The Aloft is obsessed with technology and it's quite annoying until you get used to it. There's nothing worse than tech for the sake of it. The lift (or elevator) is more complicated than a standard lift and then, in the room, I found a small Marshall amp. Or at least that's what it looked like. It was, in fact, one of those smart speakers that allow you to stream music on Spotify or Apple Music or whatever you use. At home I have a rather smart (and expensive) Bose system. I liked the Marshall amp and for some time thought it was a radio that simply didn't work. When I got round to asking somebody on the front desk they told me what it was but added that I'd need to download an app to get it working. No. I'm sorry, I'm not going to do that. Far too much faff and when it was suggested that the hotel 'engineer' could run through things with me I thought no, I can't be bothered, I'll do without. The last time I remember listening to music in a hotel room (on a CD system) was some time back in the early noughties, in the Malmaison in Manchester in the UK and it was all a little too emotional and 100% driven by alcohol. So I left it alone, other than to turn it on and off occasionally just to hear the hard rock bass and lead guitar riff that accompanies turning it on and off; that amused me no end for a while until I told myself to shape up and stop being so stupid. On the other side of the bed is a little round emitter of white noise (or that's what I've been told it is); it's the sort of thing you might need to get to sleep if you suffer from ADHD, which fortunately I don't. Oh, I almost forgot! There's the customary large and very noisy air con system which, at night, makes you think you've been transported to a beach somewhere and the tide's coming in fast. It took me until my last night to work out how to switch it off. There's wood-effect laminate flooring, no wardrobe to hang any clothes but they're quirky enough to provide some black metal girders and a few coat hangers and there's a safe, which I'm leaving well alone after the last time I used one. There's a hair dryer and, I think, an iron (I'm not exactly sure) but there's no ironing board so using it could prove disastrous. Again, I'll leave well alone.

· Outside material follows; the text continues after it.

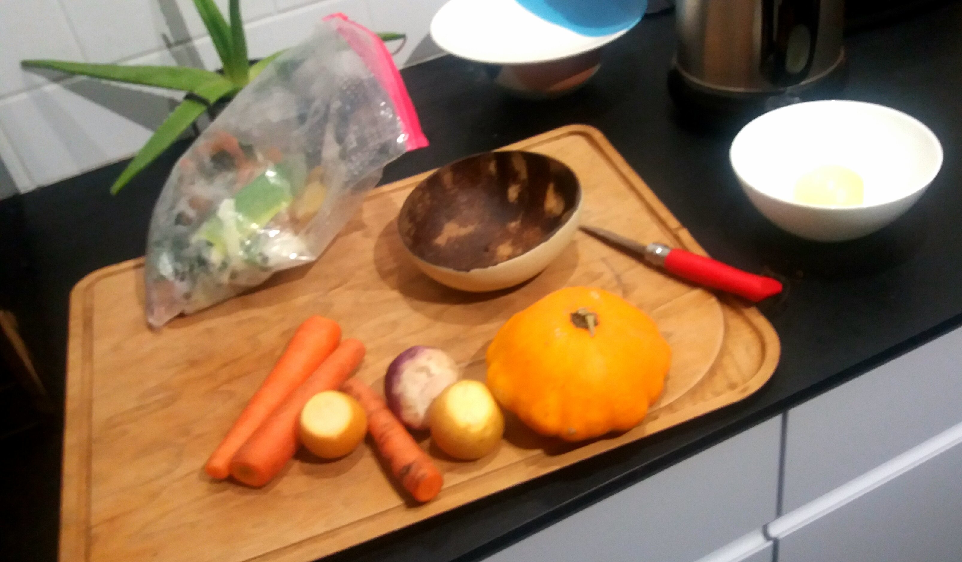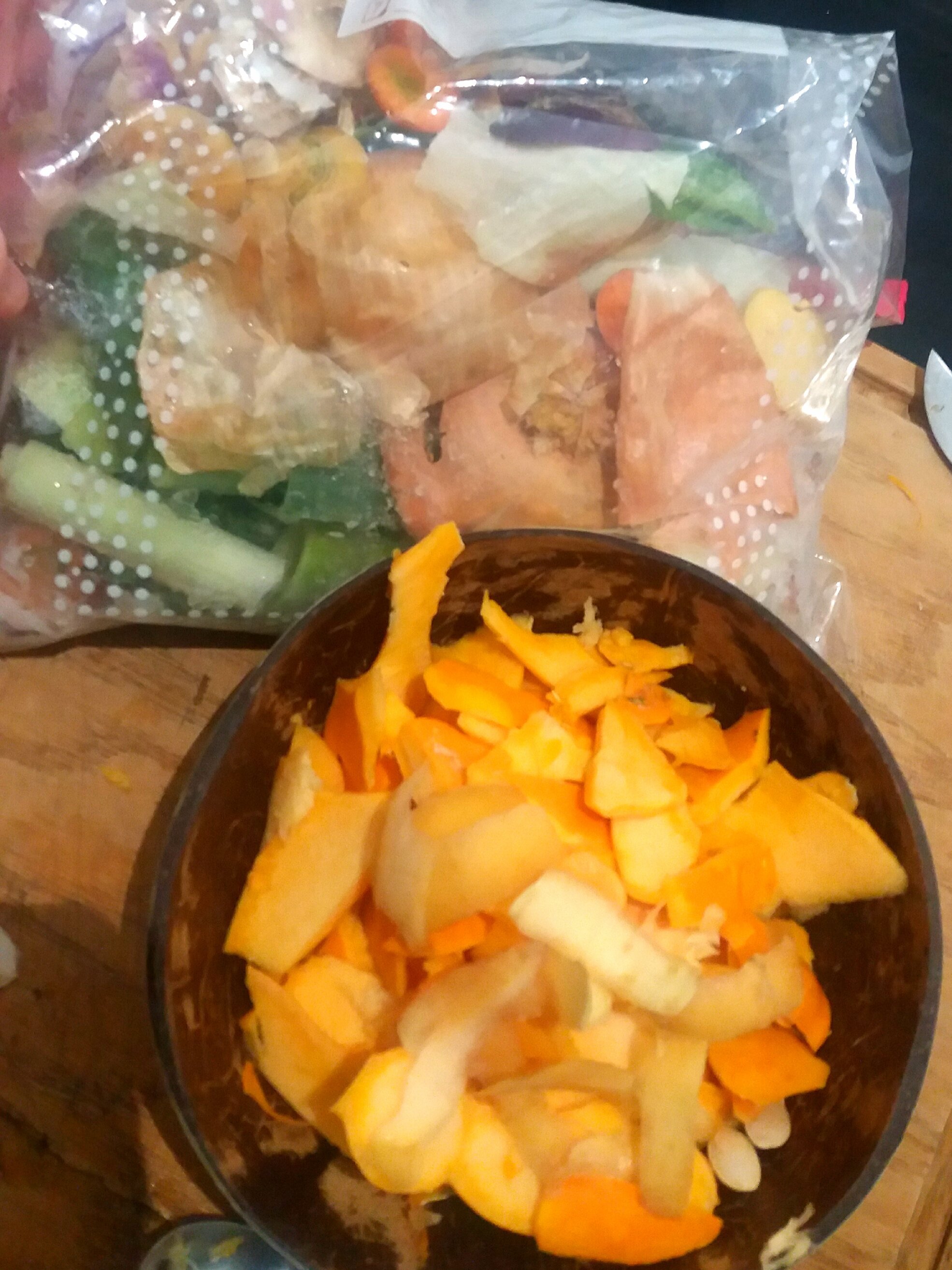 Dans le sachet les epluchures de légumes pour faire un bouillon que je garde au congele et dans le bol les epluchures que je donne à mes lombrics pour du compost.

I like the Aloft. The room feels like home and I yearn for it when I'm not in it.
The spectacular view from room 626, Aloft, Columbus, USA |
There are a few problems, but not many. The first one is the shower and sink. In a nutshell, the jet of water coming out of the former is not strong enough to give an invigorating shower and the dribble coming out of the tap over the sink is similarly lacking in power. It's annoying that the bath towels are not in the bathroom as I tend to bowl in there, have a shower and then realise I've got to tip toe across the laminate floor with wet feet dripping water everywhere as I cross the room to get a towel. Perhaps one of these days I'll remember to take a towel in with me (there's one in there now awaiting my last shower before I check out).
Another problem is there's no breakfast room or restaurant downstairs. One of the great things about staying in a hotel is the breakfast and having to go out for it is a little annoying, but not really that much of a hassle as nearby there's a good Starbucks where it's possible to eat a healthy breakfast and not have to gorge on pastries and scrambled egg and sausages and mushrooms and all the usual stuff you get in a self-service hotel breakfast operation.
The hotel is 'quirky' but I often feel they try too hard on that front, as, indeed, do 'boutique' hotels in general with their madly designed furniture and fittings that simply refuse to follow the hotel designers' motto of 'function before form'. Not that Aloft has any madly designed furniture, it just has a quirky vibe. There's an oversized game of Connect Four in the lobby area along with a pool table and a chess set and '2024' in silver inflatable letters giving across the message that this hotel is fun and should be enjoyed... which, to be fair to the hotel, is exactly right. I love it, it has to be said because the friendliness of the staff, the cleanliness, the upbeat design and the comfortable rooms make it a cut above the average American hotel. It has something special about it and I know for a fact that I'm going to miss it and that I'll wonder for days, when I'm back in the UK, who is in 'my room' looking out over Columbus as I did.